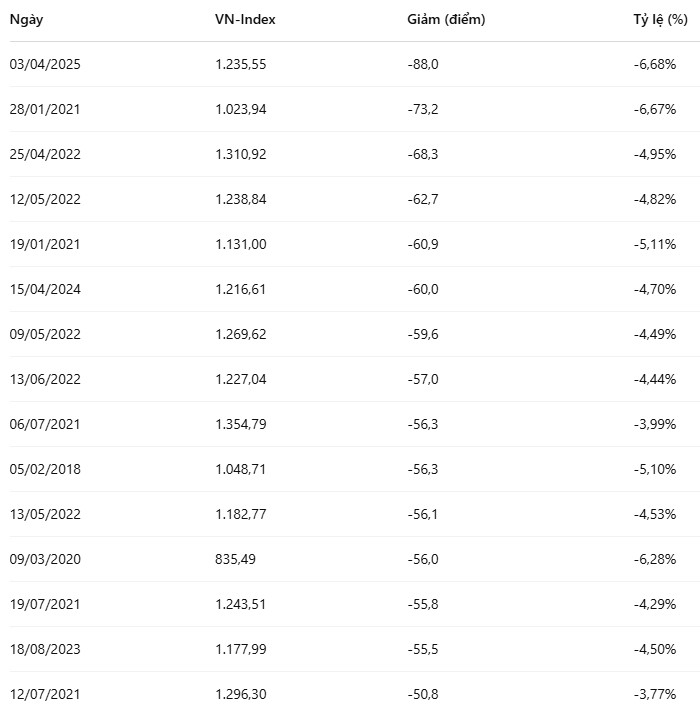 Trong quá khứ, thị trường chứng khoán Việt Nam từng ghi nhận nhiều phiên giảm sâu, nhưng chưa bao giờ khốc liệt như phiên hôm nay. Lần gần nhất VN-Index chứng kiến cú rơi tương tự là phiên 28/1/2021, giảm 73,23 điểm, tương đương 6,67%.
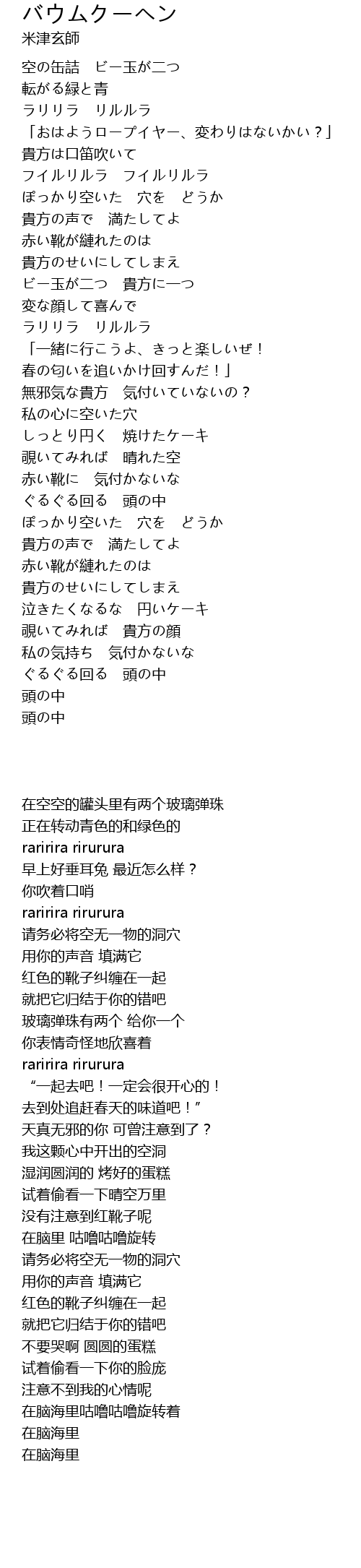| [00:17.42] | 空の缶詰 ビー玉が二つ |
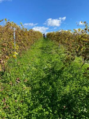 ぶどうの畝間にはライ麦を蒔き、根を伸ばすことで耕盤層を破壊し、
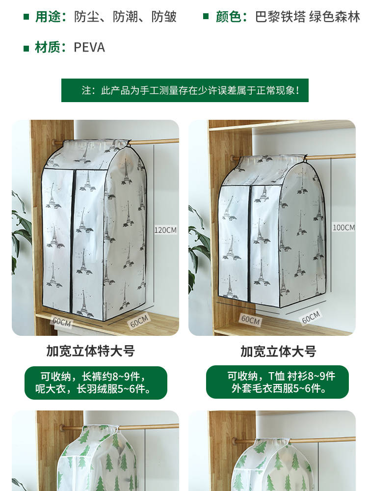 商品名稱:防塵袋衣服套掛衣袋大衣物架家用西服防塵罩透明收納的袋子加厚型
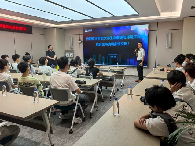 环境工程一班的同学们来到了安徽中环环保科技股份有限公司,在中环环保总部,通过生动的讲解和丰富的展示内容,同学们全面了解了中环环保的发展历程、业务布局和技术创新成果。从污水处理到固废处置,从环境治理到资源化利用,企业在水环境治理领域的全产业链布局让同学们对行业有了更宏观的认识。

## Exercise directions
Copy the entries exactly. No pictures.

## The completed task
 Trong quá khứ, thị trường chứng khoán Việt Nam từng ghi nhận nhiều phiên giảm sâu, nhưng chưa bao giờ khốc liệt như phiên hôm nay. Lần gần nhất VN-Index chứng kiến cú rơi tương tự là phiên 28/1/2021, giảm 73,23 điểm, tương đương 6,67%.
| [00:17.42] | 空の缶詰 ビー玉が二つ |
 ぶどうの畝間にはライ麦を蒔き、根を伸ばすことで耕盤層を破壊し、
 商品名稱:防塵袋衣服套掛衣袋大衣物架家用西服防塵罩透明收納的袋子加厚型
 环境工程一班的同学们来到了安徽中环环保科技股份有限公司,在中环环保总部,通过生动的讲解和丰富的展示内容,同学们全面了解了中环环保的发展历程、业务布局和技术创新成果。从污水处理到固废处置,从环境治理到资源化利用,企业在水环境治理领域的全产业链布局让同学们对行业有了更宏观的认识。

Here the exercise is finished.